Economist, self-styled big-thinker and lovable rabble-rouser Gareth Morgan is on a one-man mission to remove, improve and replace the New Zealand flag, offering $20k to the clever designer that can most closely match his specs.
His charity organisation, the family-run Morgan Foundation, today issued a charmingly-unassuming statement saying that the investment manager turned motorcycle adventurer is hell bent on changing the Kiwi banner, but “needs help” to get his project off the ground.
“I flunked art class every year,” Morgan says. “This stuff is hard.
“I have a deadly serious view of what the flag should represent but I couldn’t possibly draw a flag that meets that purpose.”
To back up a bit, Gareth Morgan hates the New Zealand flag.
In a blog post yesterday on his cringingly-titled soapbox site, Garethsworld.com, Morgan pulls zero punches, calling objections to changing our national emblem “ridiculous”, objectors “ignorant” and generally shooting down some of the weaker arguments to changing it. (Though one can’t help wonder whether he’s missing the most popular reason for resisting the change, namely that a certain Monsieur Key is for it).
Morgan’s $20,000 brief is simple, and asks participants to create a design that reflects three things:
1. Maori who invited their Treaty partners to share the land;
2. The heritage of British settlers; and
3. Our multicultural society – now and into the future.

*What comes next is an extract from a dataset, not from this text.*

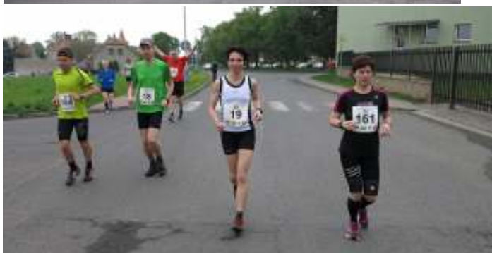
Proběhnutí před závodem

“In terms of priority, acknowledging the spirit of the Treaty – that the partners agreed to share this land and ensure each other’s cultures thrive – is the critical element”, he says.
Seems fair.
And designs are already rolling in, some of them pretty darn good.
But money’s tight. Is 26-million-taxpayer-dollars for a flag redesign too much? Of course it is.
But if Morgan’s happy to pony up the dough for my hastily drawn napkin-design, I’m just as happy to take it. $20k is still $20k.
Entries close midnight Monday July 13. Submit your design at designmyflag.nz.